Collections Catch of the Week: Burroughs Adding Machine
Submitted by M. Lenz and Y. Rancourt, Collections Assistants
At the Cannery we’ve had the collections rationalization project in full swing since 2013, going through every item in the collection and giving them some much needed attention (and vacuuming). Every week we come across more treasures hidden in storage, and while we can’t put them all on display (although we’d like to) we can give them some room to shine.
This week we discovered an original Burroughs adding machine dating from 1911 tucked away in the East Mezzanine Collections Storage area.
Adding machines were vital in early businesses of all kinds (including salmon canneries), which is what made Burroughs a household name well into the 1960s, when it became one of the nine major US computer companies.
These adding machines were the first calculators and made for far easier and more accurate bookkeeping.

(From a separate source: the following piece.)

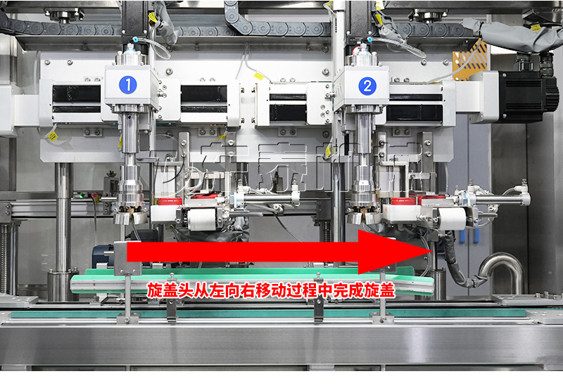 FXG-2E型全自動(dòng)雙頭跟隨式旋蓋機(jī)由理蓋輸蓋機(jī)構(gòu)、抓蓋旋蓋機(jī)構(gòu)、運(yùn)動(dòng)模塊、 輸送機(jī)構(gòu)及控制系統(tǒng)組成。整機(jī)結(jié)構(gòu)簡(jiǎn)單、調(diào)整方便。該設(shè)備為我司研制,產(chǎn)品在移動(dòng)過程中,完成旋蓋動(dòng)作。區(qū)別于常規(guī)
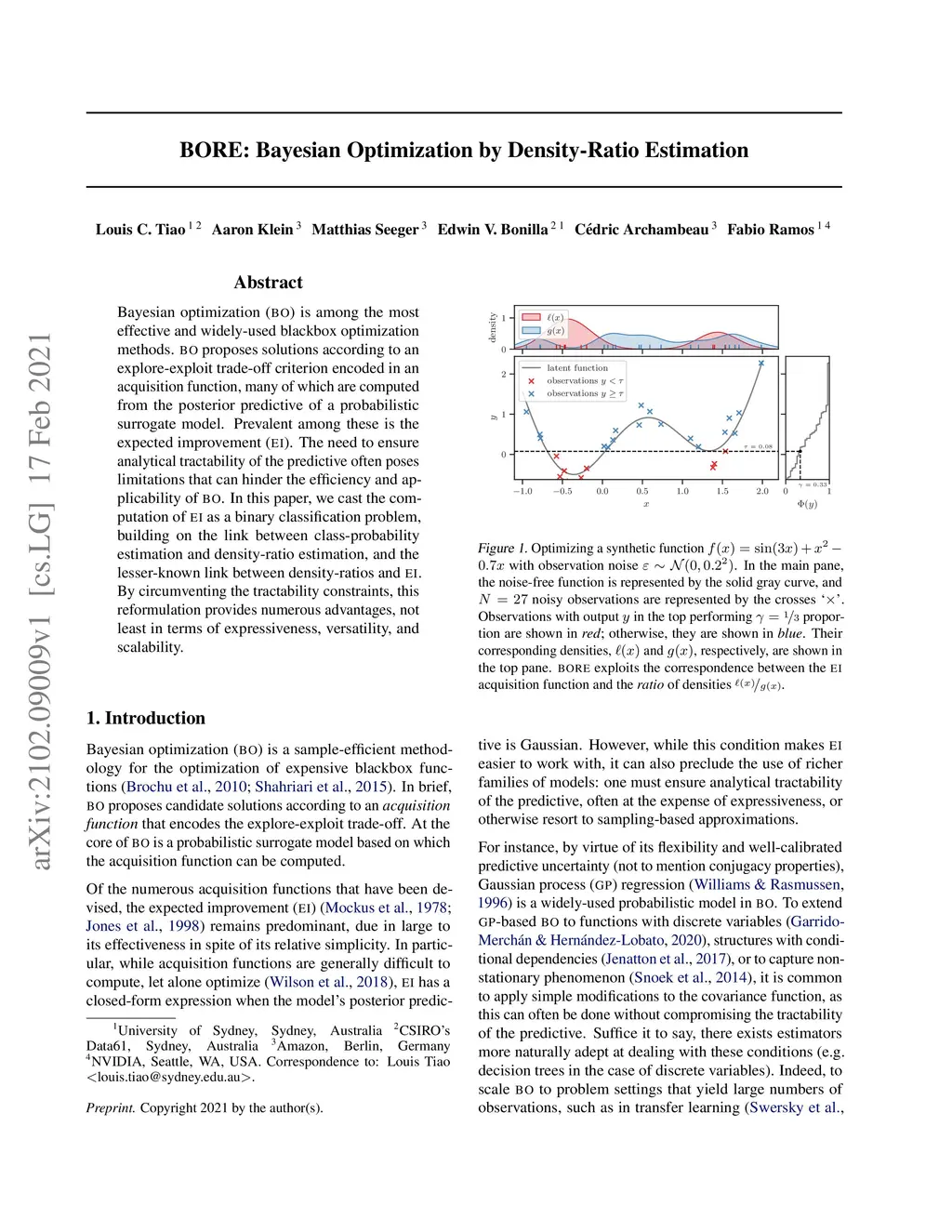 BORE: Bayesian Optimization by Density-Ratio Estimation

One would enter an amount, pull the lever, enter the next amount, pull the lever again, and the machine would add them together and create a running total which would type onto the roll of receipt paper.
The beautiful bevelled glass sides and front reveal the still shining gears and inner workings of this machine. The wooden handle on the side cranks and makes a satisfying clicking as the roller on the back turns and the gears reset. The buttons are well worn from use in the BC Packers Imperial Plant, but the Burroughs stencil on the front of the glass is still perfectly clear after 104 years. The receipt paper is still neatly rolled, as if waiting for the accountant to return to his desk.